My daughter, Carina, is having a daughter next month. In early June, a new little girl will arrive in the world. My granddaughter.
At 8 months pregnant, the size and shape of Carina’s baby are obvious—Baby Callaway is definitely in the world though not quite of it. She can hear her parents’ voices, low hums rumbling through her muted, watery world. She moves with her mother in the motions of daily life, throwing punches to keep Mama on her toes.
I used to remind myself in the last month of my 3 pregnancies: the baby is already here, just hidden on the inside!
Waiting impatiently for each of my three to burst into the world, I would sit on the side of my bed, arms wrapped around my big belly, and stare at that waiting bassinet. What an amazing journey we both had to make, to get that baby from belly to bassinet. Never knowing when or how it would go. Oh, the wonder of being a mother.
Carina is 25 and my middle child. She was in a hurry to make her journey into the world. The doctor said when we arrived for her birth,
“Were you going to have this baby in the car?”
Lately, my not-so-little girl has slowed down a bit. She has been sitting in her rocking chair beside a waiting cradle, filled with the wonder of being a mother. Preparing for something as close as her own body, yet far from her experience.
She already knows a lot about babies. Not only because she searches and researches what to expect now that she’s expecting. But also because she has cared for babies and kids since she was one herself. When her little sister, Chloe, arrived 2 years after her own birthday, Carina’s love of comforting and caring emerged. I can still see her skinny little arms encircling her baby sister. She adored Chloe from the start. Twenty-three years since have witnessed Carina’s love of baby cousins, cousin’s babies, day camp kids, and the foster children she served for several years.
With her early talking and walking and her endless questions and concerns, Carina challenged me to learn to listen well. And hone my answers to meet her scrutiny. These days, I am privileged to spend lots of time with her. Together we celebrate birthdays, holidays, but mostly everydays, enjoying life together as grown-ups. Our conversations bubble with the love and respect we have for each other. We listen and learn, asking questions and looking for answers together.

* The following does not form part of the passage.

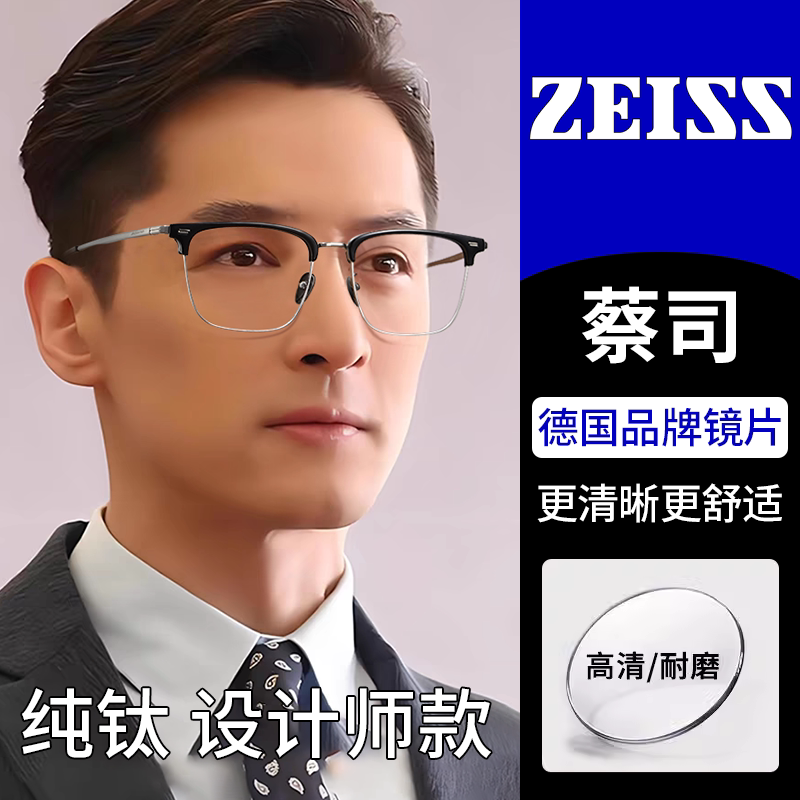 蔡司眼镜半框男款近视可配度数眼镜框小框超轻纯钛防蓝光散光眼睛

Last month for my birthday, she filled a card with words of love. Her gift was, as usual, the perfect equation of thoughtfulness + time. She had summed up her feelings for me as she sat in her daughter’s nursery. The parenting book she read as she rocked reminded her that I was the kind of mother the book described: one who would sit and listen and hold space for her, leaving room for her questions and fears.
She wrote: “I sit here in this rocking chair that soon I’ll rock Calla in, and I feel like the gift of your mothering is sitting right here with us. The love that will flow to my daughter will come from me, yes, but also from you, both in your interactions with her and in your 25 years of instilling acceptance and love into me. Thank you for that. We thank you for that.”
Now it’s her turn. Carina’s wonder at being a mother is just beginning. She and Calla will travel together, moving that baby from her belly to the cradle. Then growing that girl from an infant to a woman. And I couldn’t wish a better mom for the little one that’s coming. As Calla learns to walk and talk, Carina will jump to have an answer for the questions her daughter asks. She’ll remember that the answers don’t always add up or satisfy. She’ll have to come up with her own responses for the tough ones too hard for little kids to chew. She will likely say, “I don’t know” more than her mother did.
Most beautifully, Carina will also pause to recall all she and I have talked about across the years. She will recognize that sometimes the answers are placeholders for conversations yet to come. And in the room with the baby and the cradle and chair, she will rock and ponder ways to make space for the love and conversations to come.
Carina kept me on my toes from the first moves I felt her make. She still does. Inside and out, I have loved the gift of being her mom. I look forward to sitting and listening as she instills acceptance and love into her new daughter. And even as a grandmother, I will still feel the wonder of being a mother.